Pair trading matchups for DOW

Vmware vs. DOW
Visa vs. DOW
Sentinelone Inc vs. DOW
Walker Dunlop vs. DOW
GM vs. DOW
Citigroup vs. DOW
Microsoft Corp vs. DOW
Dynamic Energy vs. DOW
Apple vs. DOW
Salesforce vs. DOW
The effect of pair diversification on risk is to reduce it, but we should note this doesn't apply to all risk types. When we trade pairs against DOW as a counterpart, there is always some inherent risk that will never be diversified away no matter what. This volatility limits the effect of tactical diversification using pair trading. DOW's systematic risk is the inherent uncertainty of the entire market, and therefore cannot be mitigated even by pair-trading it against the equity that is not highly correlated to it. On the other hand, DOW's unsystematic risk describes the types of risk that we can protect against, at least to some degree, by selecting a matching pair that is not perfectly correlated to DOW.
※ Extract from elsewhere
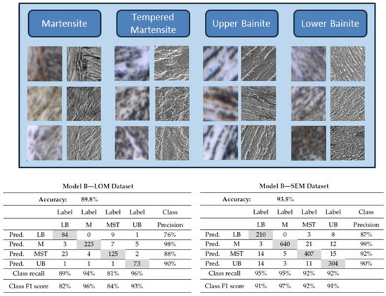 Illustration of the considered classes for microstructure classification (corresponding light optical microscope (LOM) and scanning electron microscope (SEM) images) as well as confusion matrixes for LOM model and SEM model, modified according to [30]. Reprinted from [30].

Pair Trading with DOW and Agilent Technologies

The main advantage of trading using opposite DOW and Agilent Technologies positions is that it hedges away some unsystematic risk. Because of two separate transactions, even if DOW position performs unexpectedly, Agilent Technologies can make up some of the losses. Pair trading also minimizes risk from directional movements in the market. For example, if an entire industry or sector drops because of unexpected headlines, the short position in Agilent Technologies will offset losses from the drop in Agilent Technologies' long position.

DOW

Pair trading matchups for DOW

Citigroup vs. DOW
Microsoft Corp vs. DOW
GM vs. DOW
Vmware vs. DOW
Ford vs. DOW
John Marshall vs. DOW
Olin Corp vs. DOW
Salesforce vs. DOW
The effect of pair diversification on risk is to reduce it, but we should note this doesn't apply to all risk types. When we trade pairs against DOW as a counterpart, there is always some inherent risk that will never be diversified away no matter what. This volatility limits the effect of tactical diversification using pair trading. DOW's systematic risk is the inherent uncertainty of the entire market, and therefore cannot be mitigated even by pair-trading it against the equity that is not highly correlated to it. On the other hand, DOW's unsystematic risk describes the types of risk that we can protect against, at least to some degree, by selecting a matching pair that is not perfectly correlated to DOW.
The idea behind DOW and Agilent Technologies pairs trading is to make the combined position market-neutral, meaning the overall market's direction will not affect its win or loss (or potential downside or upside). This can be achieved by designing a pairs trade with two highly correlated stocks or equities that operate in a similar space or sector, making it possible to obtain profits through simple and relatively low-risk investment.
Check out your portfolio center. Note that this page's information should be used as a complementary analysis to find the right mix of equity instruments to add to your existing portfolios or create a brand new portfolio. You can also try Fundamental Analysis module to view fundamental data based on most recent published financial statements.